The problem is, I saw a psychologist yesterday who seems to believe that unless I meet *all* the criteria, then I'm not Aspie.   :roll:

How can I persuade him that we're not all carbon copies in terms of traits and 'symptoms'?
I find this article (pasted below) very interesting - especially since the original argument was that autism/Asperger's is more commonly found in boys than girls. (It illustrates how unique it can be in every person who has it).

One remark I have to make is; I think it is essential for a psychologist to get to know you before they can make a diagnosis. Aspies baffle therapists because of the way they communicate and it could take them a while to figure it out, because it manifests itself in a persons behaviour, communication and their quality of life - and it takes time to get to know someone.

I find this information very comprehensive http://www.as-if.org.uk/criteria.htm

Lastly, tell your psychologist to watch the movie Amelie!  :grin:




Girls' autism 'under-diagnosed'

Girls with autism may not be identified because they do not show traditional signs of the disorder, an expert warns.

Children with autistic spectrum disorders have poor social and communication skills.

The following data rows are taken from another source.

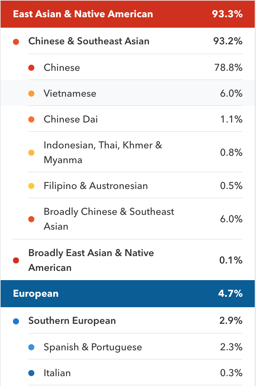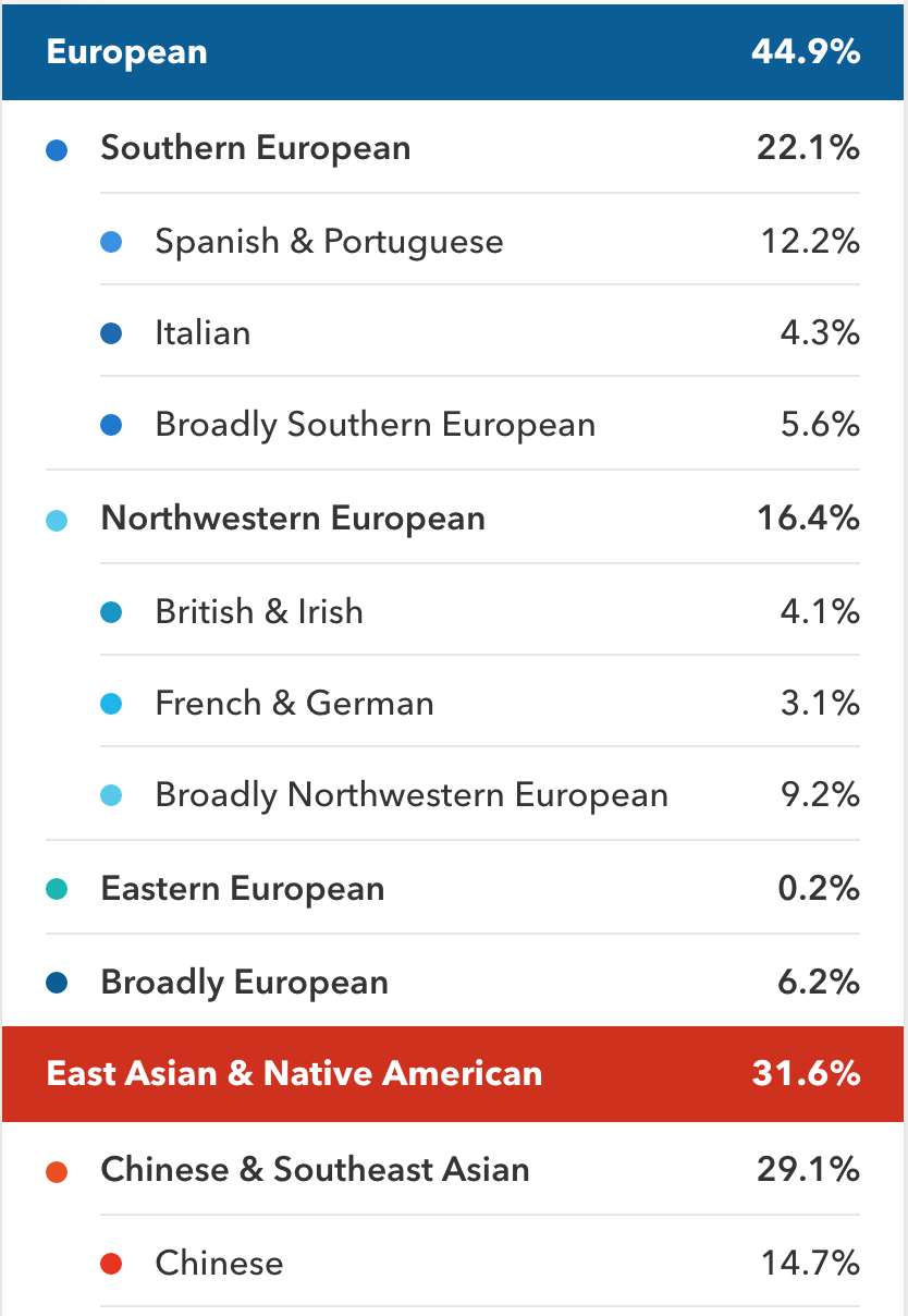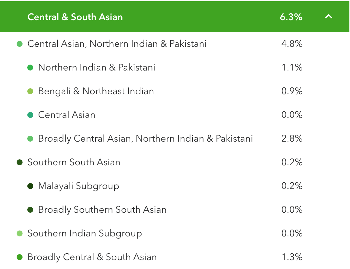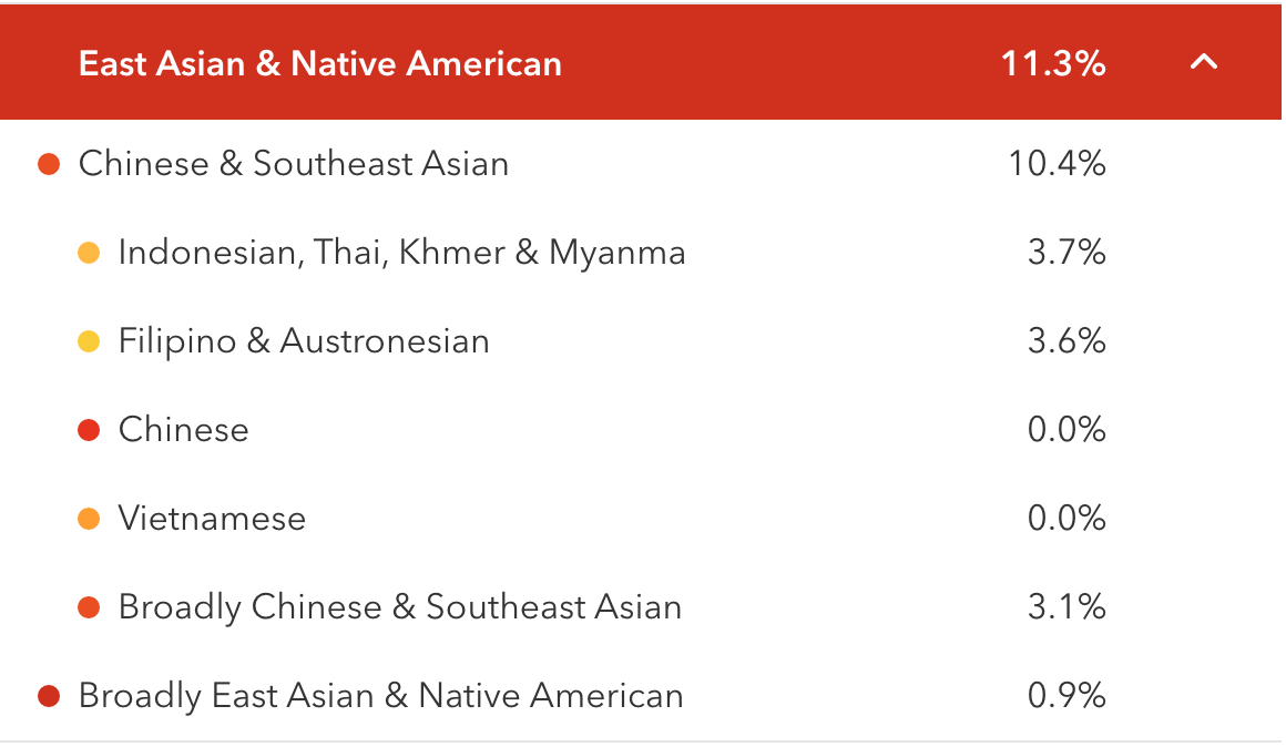 Finally an Indo-Mauritian with what looks like some more distant English, Chinese and African ancestry
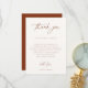 Desert Sienna, Wedding reception thank you table card. Template provides multiple lines for your custom thank you message. Features, burnt sienna colour typography on sandy beige background with matching sienna colour backing.
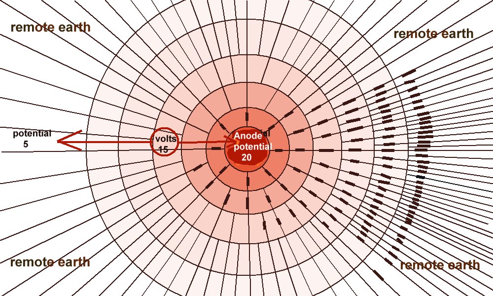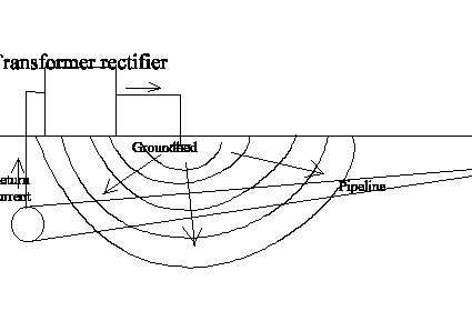However, the charges supplied by the postive terminal of the transformer/rectifier pass into the cable to the anode that is buried in the ground making that at a higher potential that the surrounding earth.
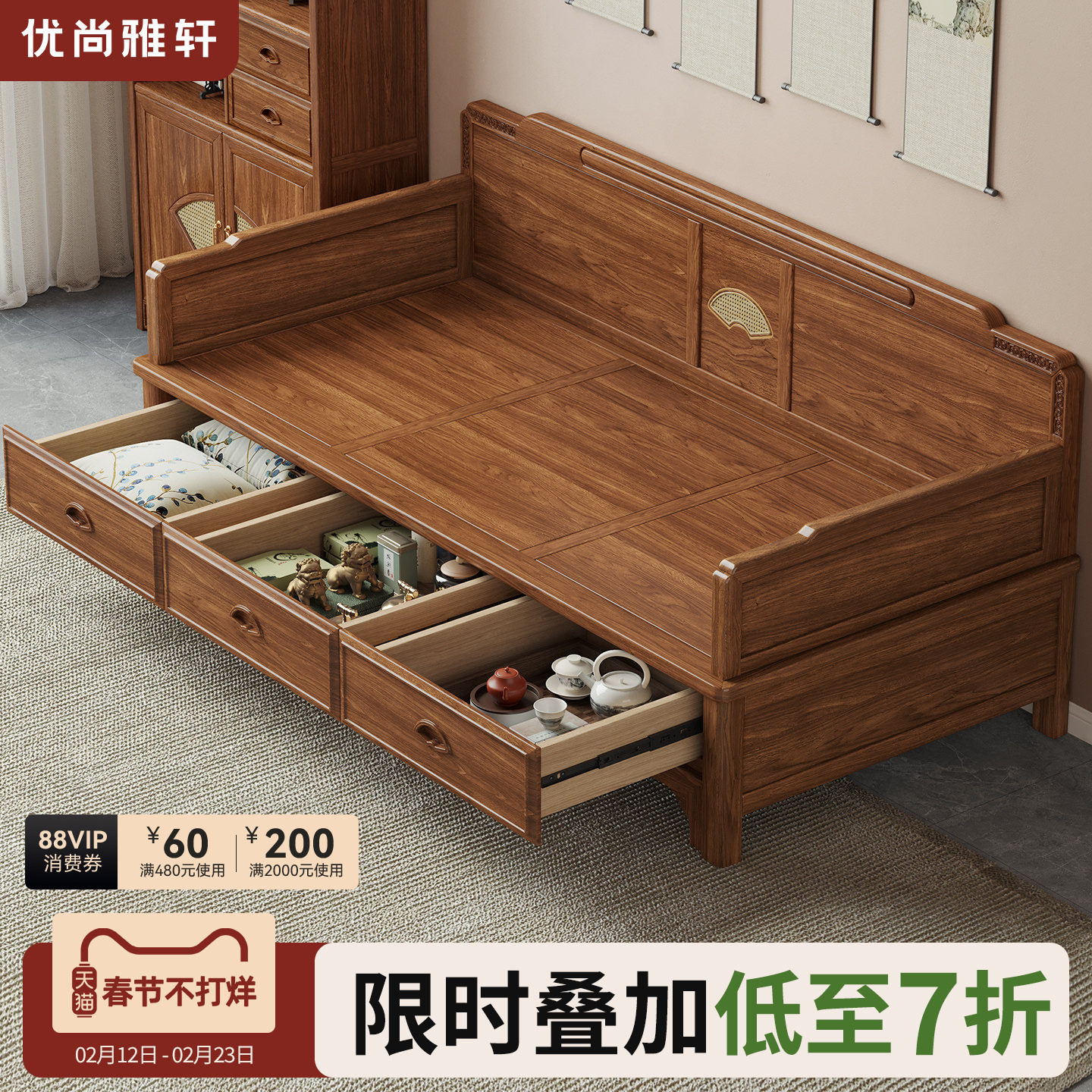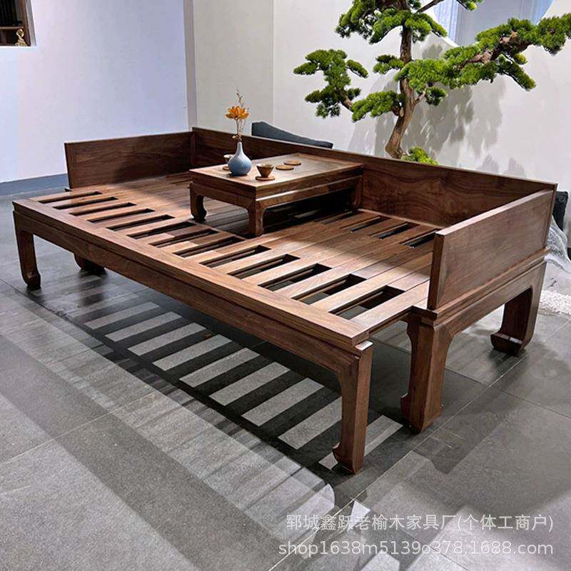 北美黑胡桃木美人榻老榆木新中式实木罗汉床现代简约小户型古卧榻
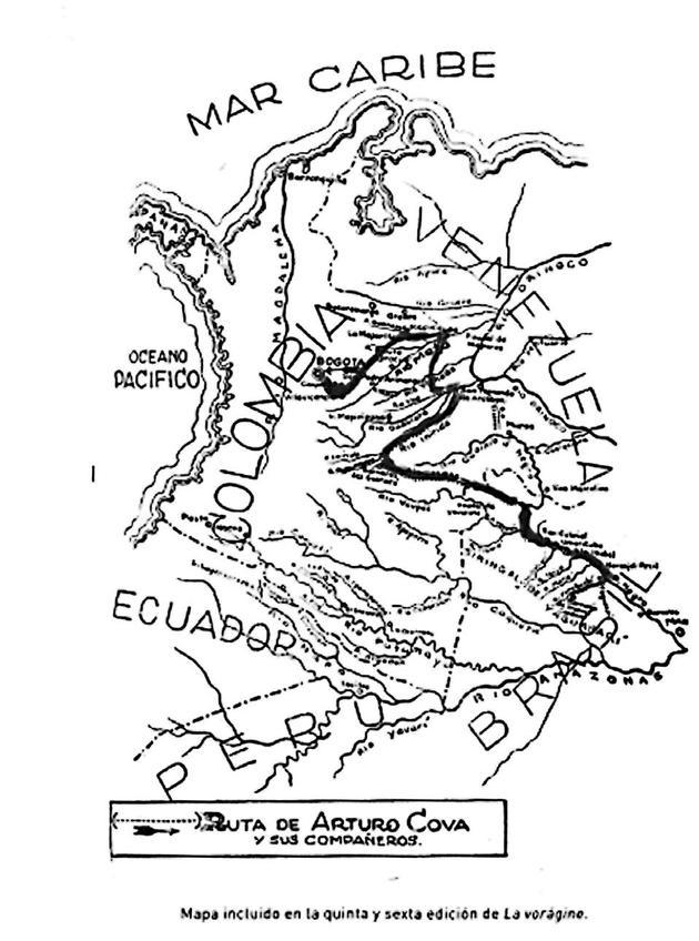 En una agreste carta publicada más tarde en El Tiempo, Rivera declaraba que los asentamientos militares peruanos en el rio Caquetá y Putumayo “eran un hecho innegable, sistemático y además, endémico.”[9] Sin embargo sus propuestas para aminorar la amenaza Peruana no ofrecen ninguna alternativa novedosa, sino que más bien ensayan las técnicas de construcción de carreteras y emigración interna que eran procedimientos comunes en la época. Los accidentes naturales no son vistos como se ven desde la retórica de Bogotá: oportunidades para el desarrollo de la economía nacional. Al contrario, en su prosa pesimista por ejemplo, el rio Putumayo no figura como una ventana de oportunidad económica para el país sino como una fisura y amenaza a la seguridad del país. Cuando Rivera regresa a Bogotá, se anticipan las publicaciones de sus notas y observaciones geográficas, mapas, datos, acotaciones, todo lo anterior con el fin de articular su denuncia ante las autoridades centrales sobre las condiciones del sur del país. Lo que si no se anticipaba, sin embargo, era la publicación de una novela que salía a la venta en 1924 y que describía la sombría aventura de dos jóvenes bogotanos que huyen de la urbe y terminan siendo “devorados por la selva.”
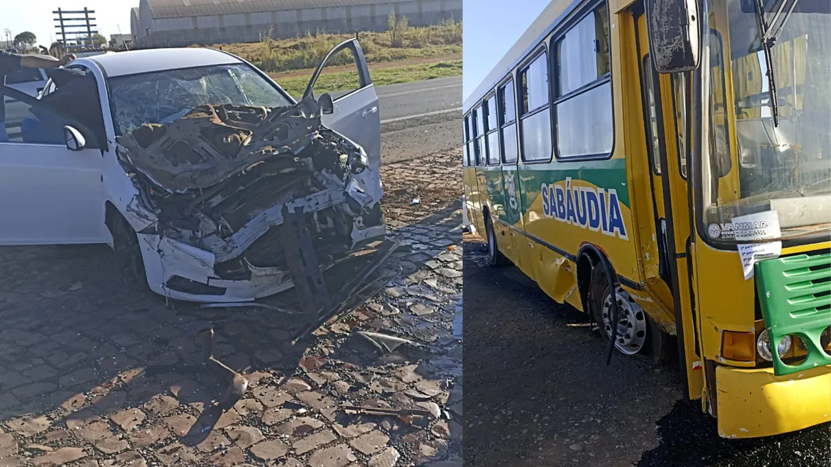 Um acidente envolvendo um Chevrolet Cruze e um ônibus que transporta trabalhadores foi registrado na tarde desta quinta-feira (18), em Arapongas.
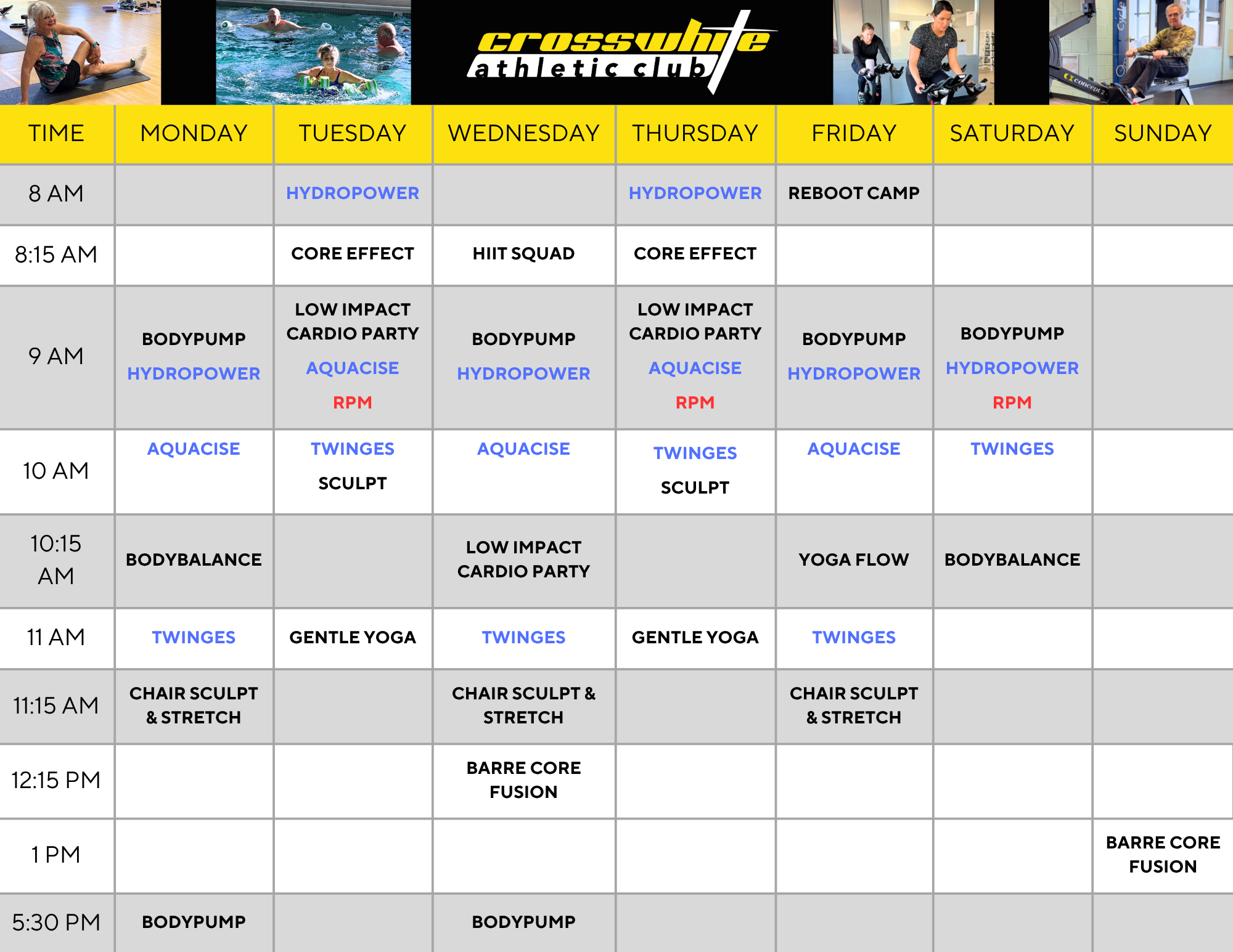 Aqua Classes are in blue, group fitness in black and cycle classes in red. Class descriptions are detailed below.

Hyperactivity, and interests in technical hobbies have been seen as characteristics of the disorder.

But Christopher Gillberg, of the National Centre of Autism Studies, said girls were often passive and collected information on people, not things.

Around 535,000 people in the UK are estimated to have autistic spectrum disorders.

The number of boys diagnosed is much greater than the number of girls, but Professor Gillberg said the difference in incidence may not be as great as currently thought.


'Outsiders'

His theory is partly influenced by studies which did not find what they were expected to.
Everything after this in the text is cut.